Richard Fennell, JLL’s Head of Property & Asset Management, Australia said that, put simply, wellness in a property investment context is about considering the mental, emotional and physical needs of a building’s occupants.

“Enhancing the wellness-factor of a building does not necessarily require dramatic and costly renovations,” he says. “It can be as simple as improving access to natural light with windows and skylights, improving air quality and flow, which 96 percent of our respondents said would help improve workplace productivity.

“Creating user-friendly and flexible communal spaces for collaboration and recreation such as movable seating areas and cafes, facilitating bike storage, providing access to internal stairs, integrating technology and erecting green walls are among other smart ways to bring wellness into a building.”

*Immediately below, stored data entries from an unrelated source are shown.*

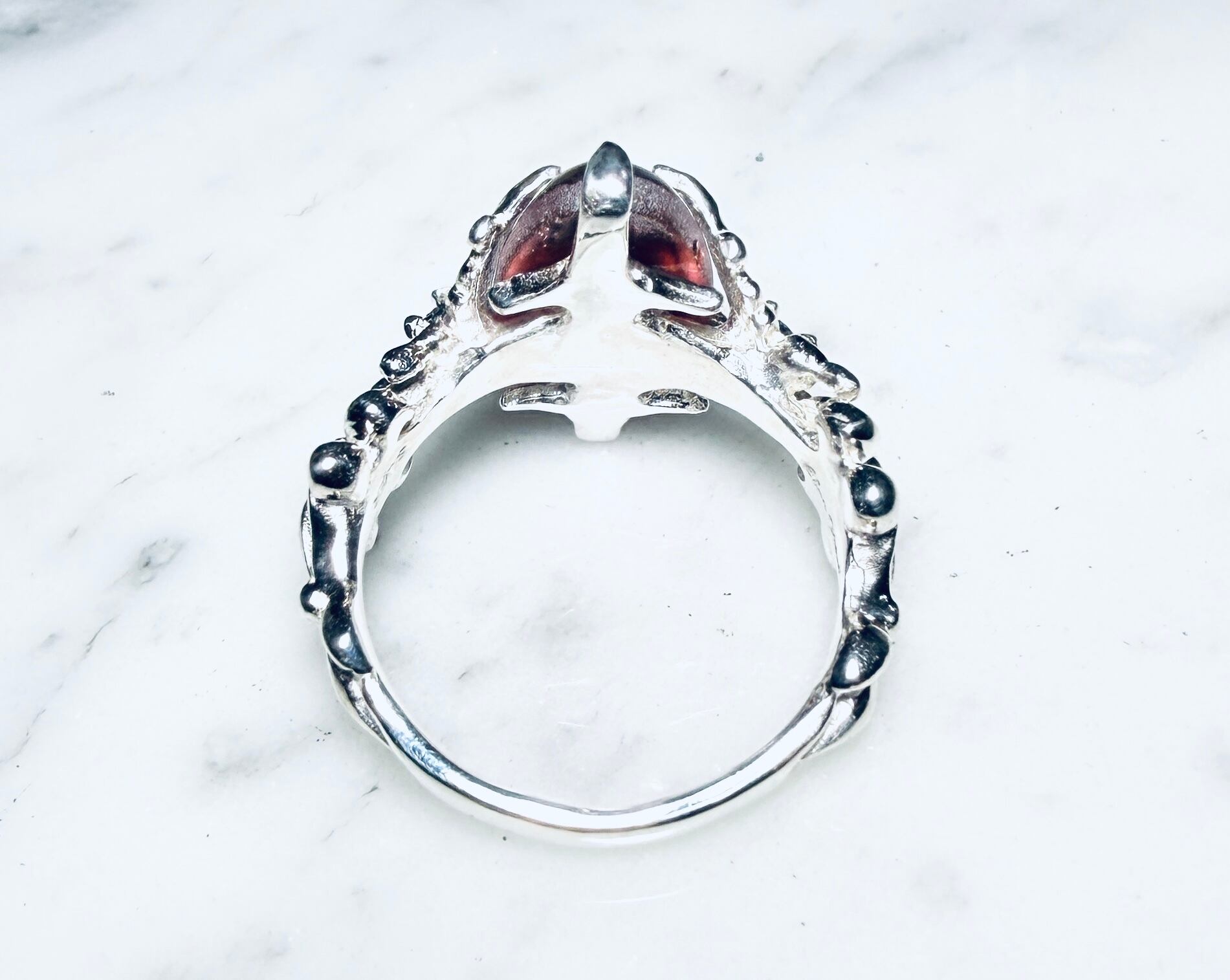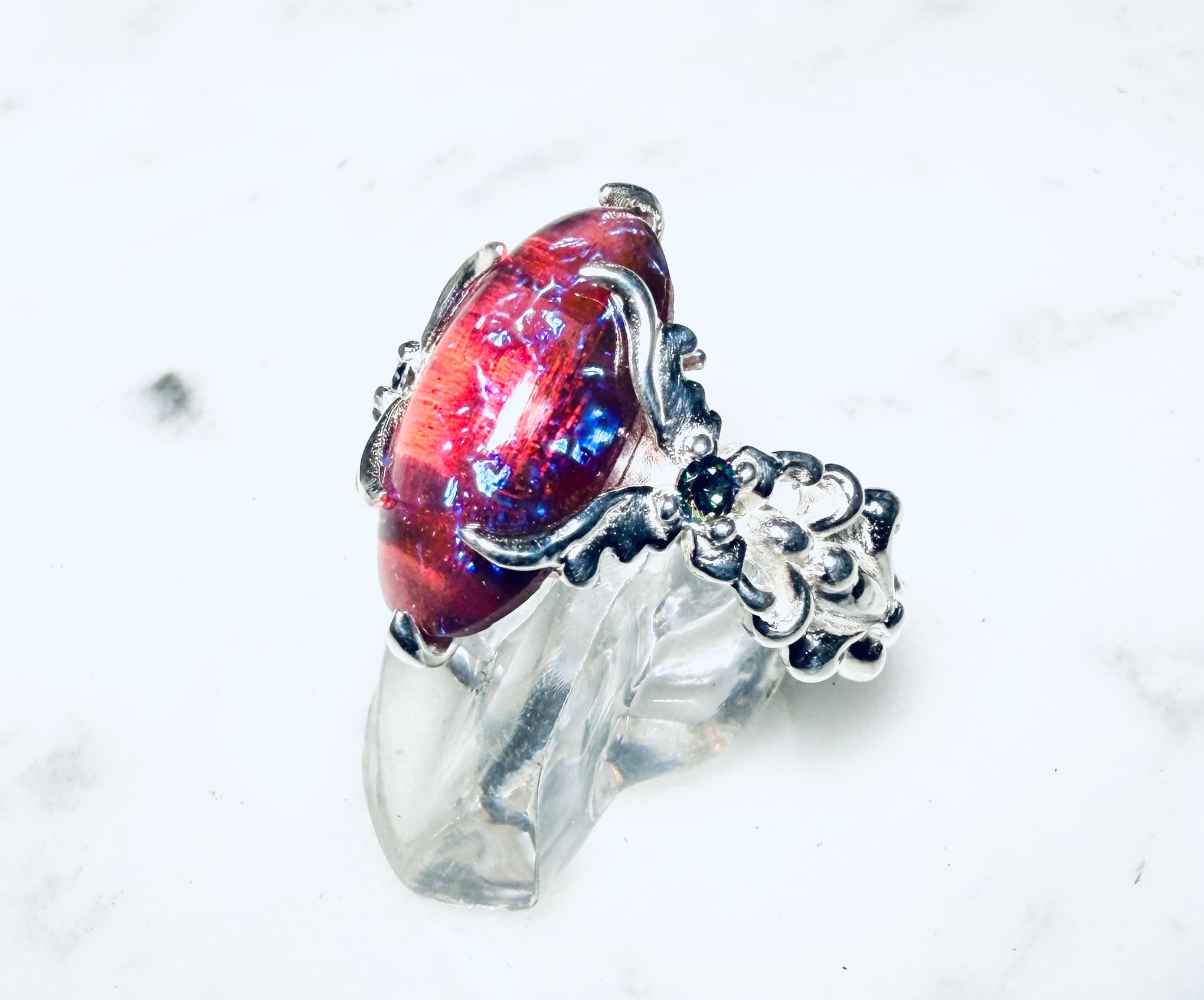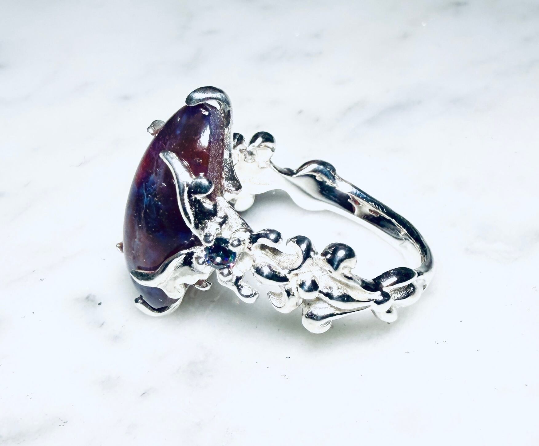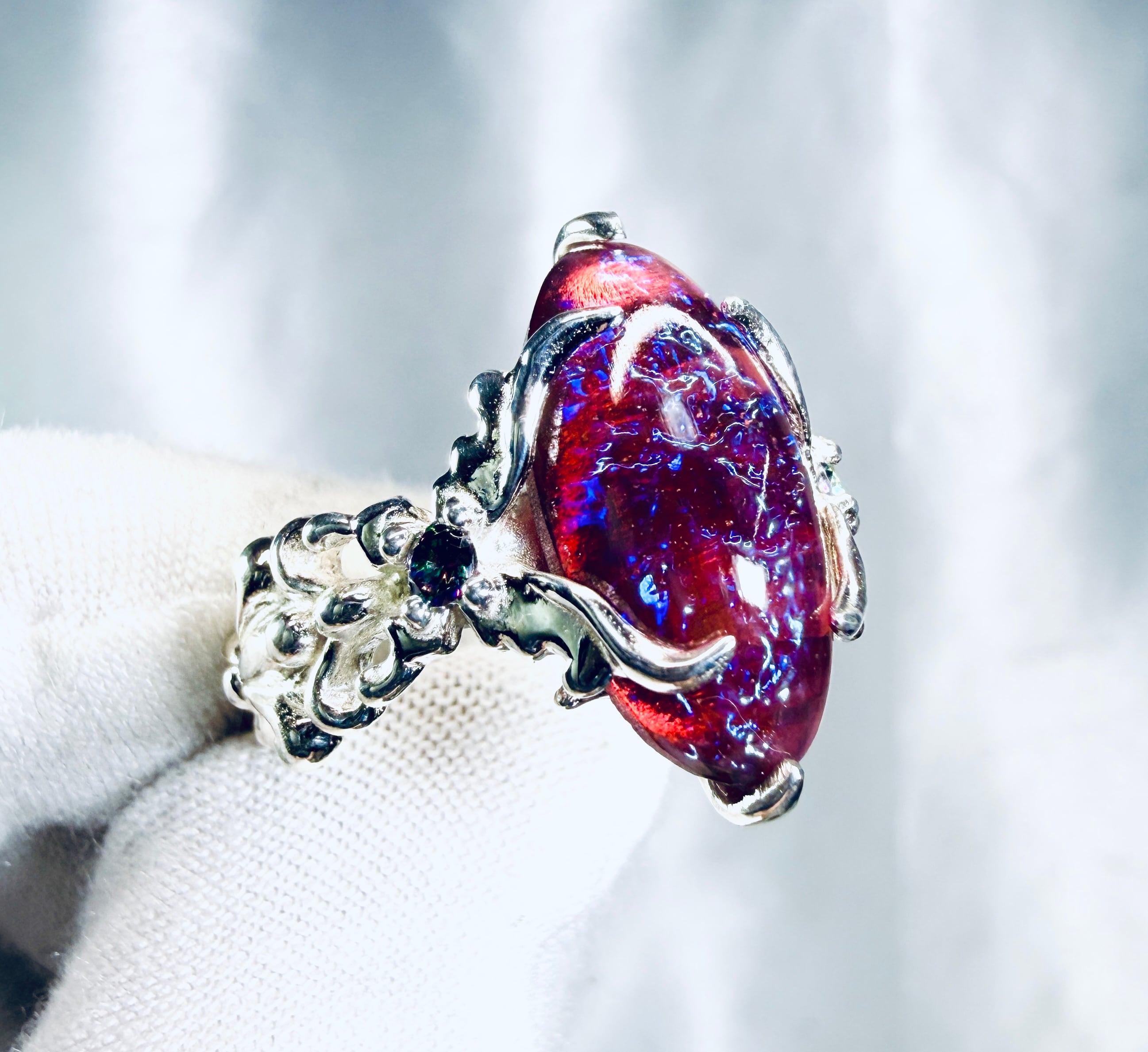 左右から燃え上がる様な蝶のデザインで石を固定しましたᕦ(ò_óˇ)ᕤ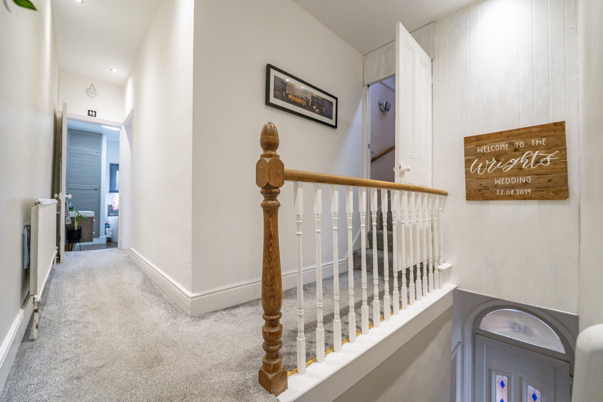 Stairs to the first floor landing, radiator, spot lights and doors to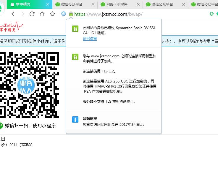 我的小程序登录,多款苹果手机都可以正常访问执行wx.request,但是安卓不能执行,测试多款手机都不行,走到了fail里面,报错信息为:request:fail ssl hand shake error。域名是 https://www.jxzmcc.com/bwap,登录执行的访问URL是:https://www.jxzmcc.com/bwap/app/login.jsp,参数有两个:data: {loginCode:loginCode,loginPass:loginPass},登录帐号和密码,我百度下报错信息说是证书的问题或TLS版本问题,按说有问题应该都有问题,可是苹果手机正常啊,浏览器访问也正常,浏览器访问如下图,没看出哪里不正常啊,到底是怎么回事呢?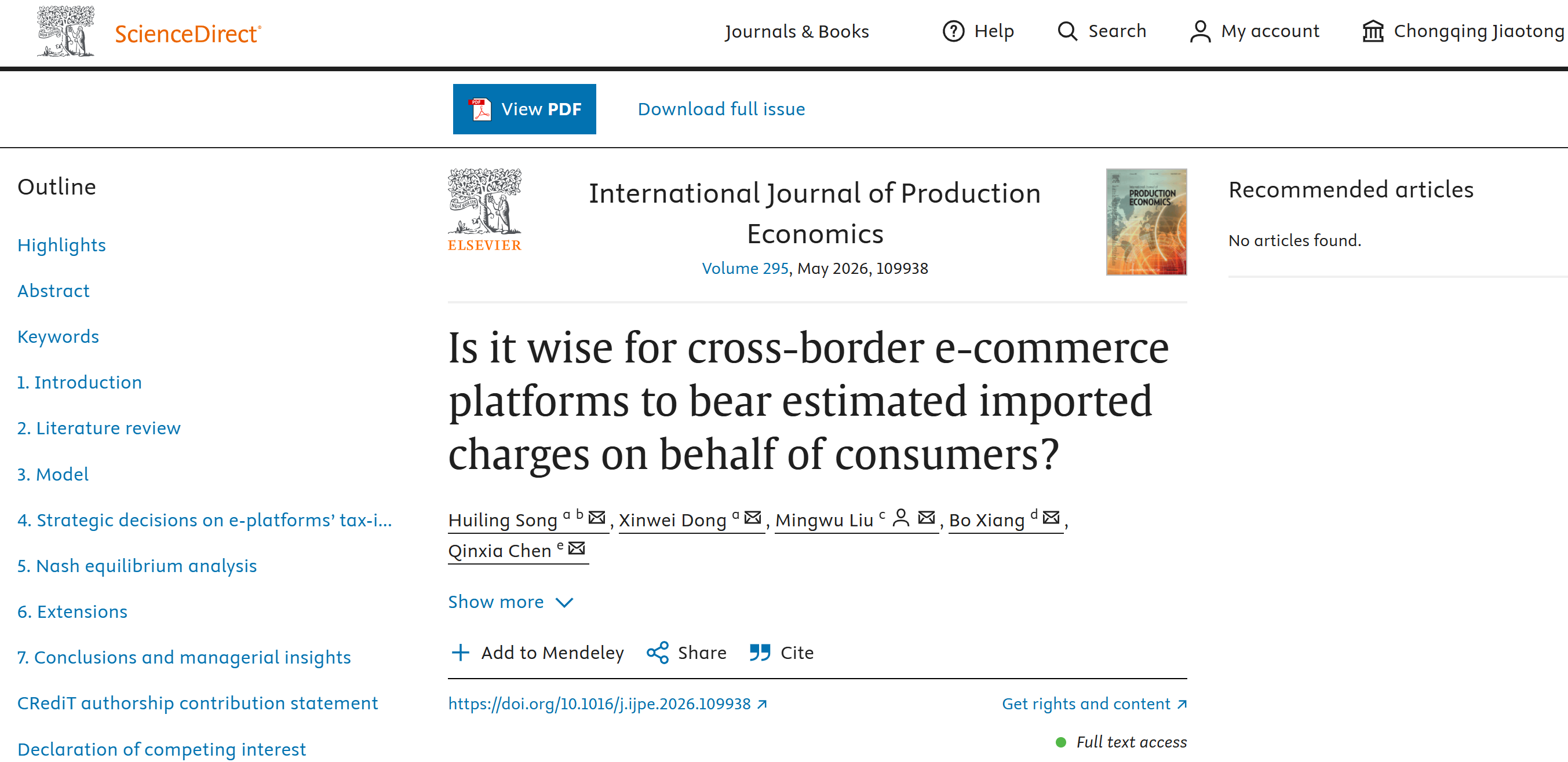 Huiling Song, Xinwei Dong, Mingwu Liu*, Bo Xiang, Qinxia Chen, Is it wise for cross-border e-commerce platforms to bear estimated imported charges on behalf of consumers?, International Journal of Production Economics, Volume 295, 2026, 109938, https://doi.org/10.1016/j.ijpe.2026.109938.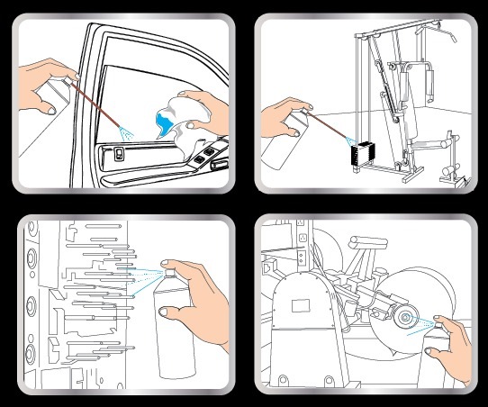 Note: Always test on a small area when used for the first time on a new surface. Consider Silicone Spray (Regular) for light-duty applications.

“Investors and building managers can also consider the benefits of implementing health and wellbeing initiatives such as yoga lessons, nutritional education seminars, sports and hobby clubs as well as life coaching,” says Fennell.

The sustainability factor

According to the report, wellness goes hand-in-hand with sustainability – another key consideration for investors. According to Fennell, so-called ‘smart buildings’ will command higher rents and allow owners to manage their operational costs and improve sustainability with broader benefits ranging from cost-savings to building performance, to even helping mitigate the physical and reputational threats of climate change.

Sydney’s Barangaroo and 485 La Trobe Street in Melbourne are both examples of this in action, as the developers worked to create an oasis for their tenants resulting in high demand for both spaces.  Occupants and visitors enjoy the breathable walls, picnic amenities (to take to the park across the road), waterfalls, comfortable and versatile seating, green open spaces and more.

“It is certainly a trend we can expect to see continue as health and wellbeing factors transform into paramount considerations not only for investors but for tenants and occupants too,” says Fennell.